Cascading through history

This column by Daniel G. Clark about Alexander Clark (1826-1891) first appeared in the Muscatine Journal on Dec. 27, 2023. Above: Historian Paul Finkelman at Susan Clark Junior High in February 2023.

What will it take to get Muscatine’s Alexander Clark House declared a National Historic Landmark?

From Guidelines for Preparing National Historic Landmark Nominations (2023): “Nationally significant properties embody stories that have exceptional value to the nation as a whole. … The history embodied in NHLs may not always be familiar, but their significance to the nation means that they are no less deserving of recognition.”

Our city’s Historic Preservation Commission didn’t expect a “national significance” hurdle back in 2010 when we received a grant to hire an expert in U.S. legal history to help us make the case to the U.S. National Park Service. I was HPC chairperson at the time.

Not far into the project, the feds told us it wasn’t good enough that our Alexander Clark House had been listed on their National Register of Historic Places in 1976 as a U.S. Bicentennial project. No, they pronounced Clark’s significance established at state level only, thus disqualifying our NHL bid until we might win national-level certification. Long story short, that hasn’t happened yet.

“It might help if you could show a cascading effect from Clark to Brown,” advised Lorinda Bradley in a meeting this month. She is Iowa’s National Register Coordinator at the State Historic Preservation Office.

Thanks to the National Historic Preservation Act of 1966, every state has a SHPO—an expert, or staff of experts, mediating access to the National Register of Historic Places which is a program of the NPS. We preservationists pronounce the acronym “ship-oh.” We listen when SHPO speaks.

In 1978 the Iowa Division of Historic Preservation—SHPO of the day—intervened against a city threat to demolish the then-derelict house. Pat Eckhardt told the council her agency considered it “the last physical remembrance of Alexander Clark,” whom she described as “a man of national significance.”

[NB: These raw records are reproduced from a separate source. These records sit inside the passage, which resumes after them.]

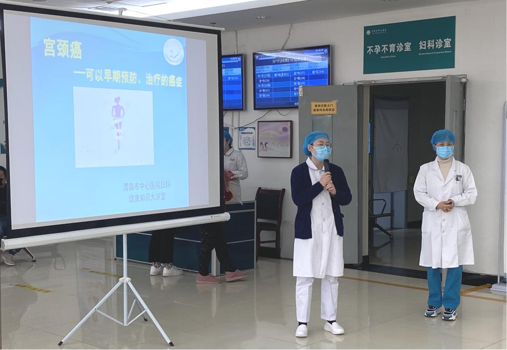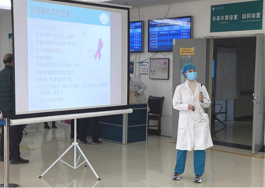 1月13日,乐鱼在线登录入口门诊第17期健康教育大讲堂走进妇科,围绕宫颈癌知识,为现场女性朋友开展了一场专题讲座。此次活动由门诊部护士任思静主持,妇科副主任医师师萍萍主讲。
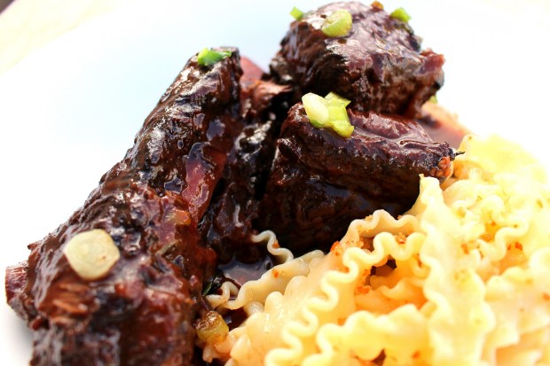 Beef Ribs Braised With Blueberries And Merlot, Served With Mafaldine & Pangrattato
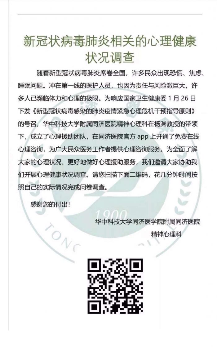 1月29日,华中科技大学同济医学院附属同济医院免费在线心理咨询上线仅一天,已收到近2000份调查问卷,完成300例心理疏导。
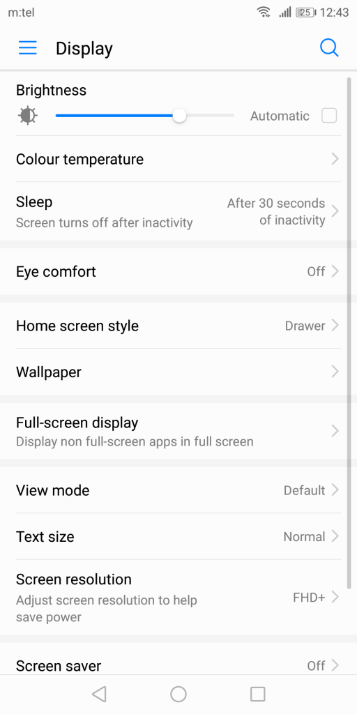 This whole story about the display is complemented and enhanced by the HDR10 certificate which is one of the must have options in the top class. Although HDR materials are scarce, the HDR10 compatibility represents an excellent future proofing point, and it is definitely not an overkill. Additional options offer the option to change the resolution of the display (as seen on the Samsung devices) to HD+ (1440 x 720) in order to reduce the battery consumption, and the Eye Comfort mode is also there as something that will help you reduce the stress on the eyes while using the device in the dark. View Mode offers an option to adjust the size of the displayed material, including the size of the text, which will certainly be very helpful to persons having issues with seeing. The display is protected by the Corning Gorilla Glass 5, which protects the front and the back of the device. Oh yeah, we must not forget this! The Always On display would be amazing, but sadly the Mate 10 Pro does not support this function.
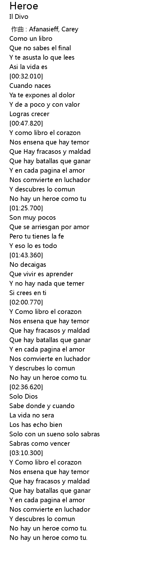 | [03:38.370] | No hay un heroe como tu. |
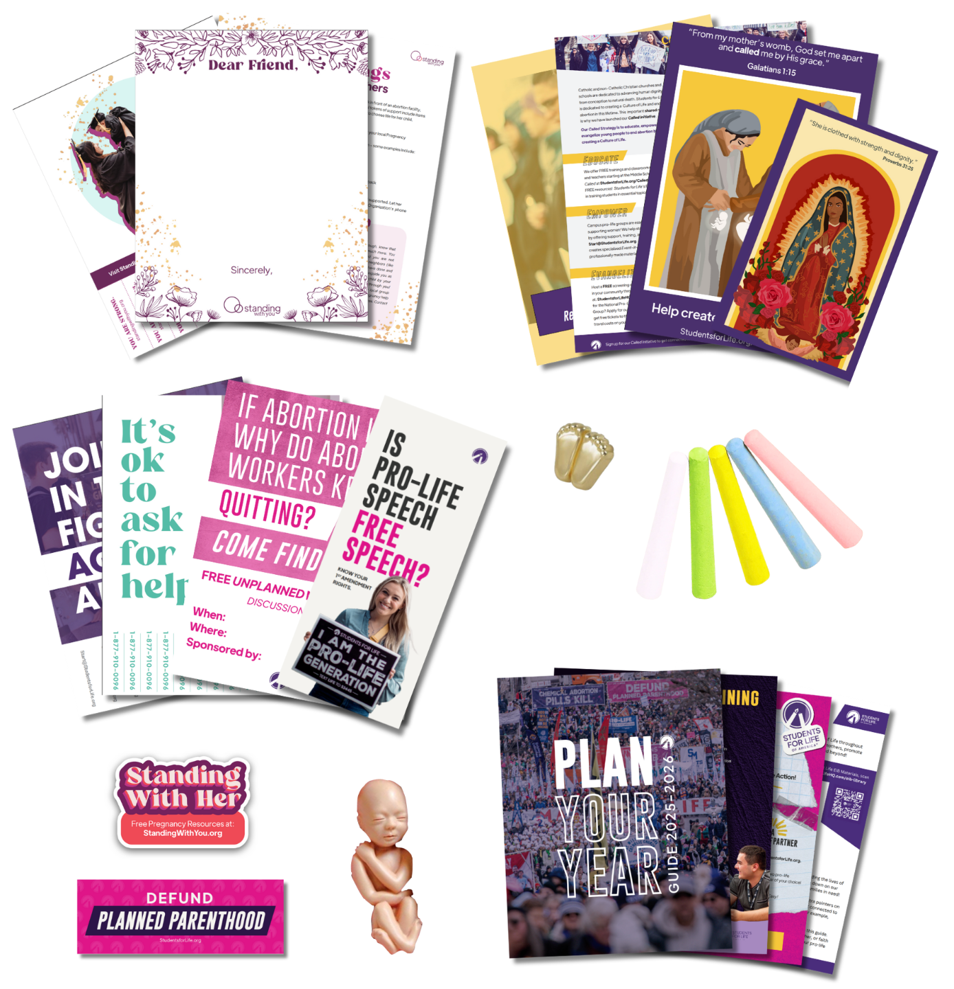 What: Flyers, Our Lady of Guadalupe prayer cards, Unplanned promotional materials and screening guide, a free Unplanned license, "Dear Friend" letters, a prayer vigil guide, a Plan Your Year Guide, fetal models, stickers, baby feet pins, chalk, and more!

When the restorer of the Alexander Clark House, Kent Sissel, introduced me to the preservation process, SHPO was at the State Historical Society in Des Moines where it was part of the Department of Cultural Affairs. This month SHPO moved into new digs as part of the Iowa Economic Development Authority.

So, back to cascading Clark to Brown. That would mean showing falling dominoes in school-desegregation cases from Clark v. Muscatine (1868) to Brown v. Topeka (1954). One victory leading to the next and the next and the next.

Can such an argument be made? Maybe. I’ve heard our legal-history expert, Paul Finkelman, react to the upgrade requirement, ticking off half a dozen Clark achievements, saying after each one, “If it were only that, but also….” As if the evidence is overwhelming.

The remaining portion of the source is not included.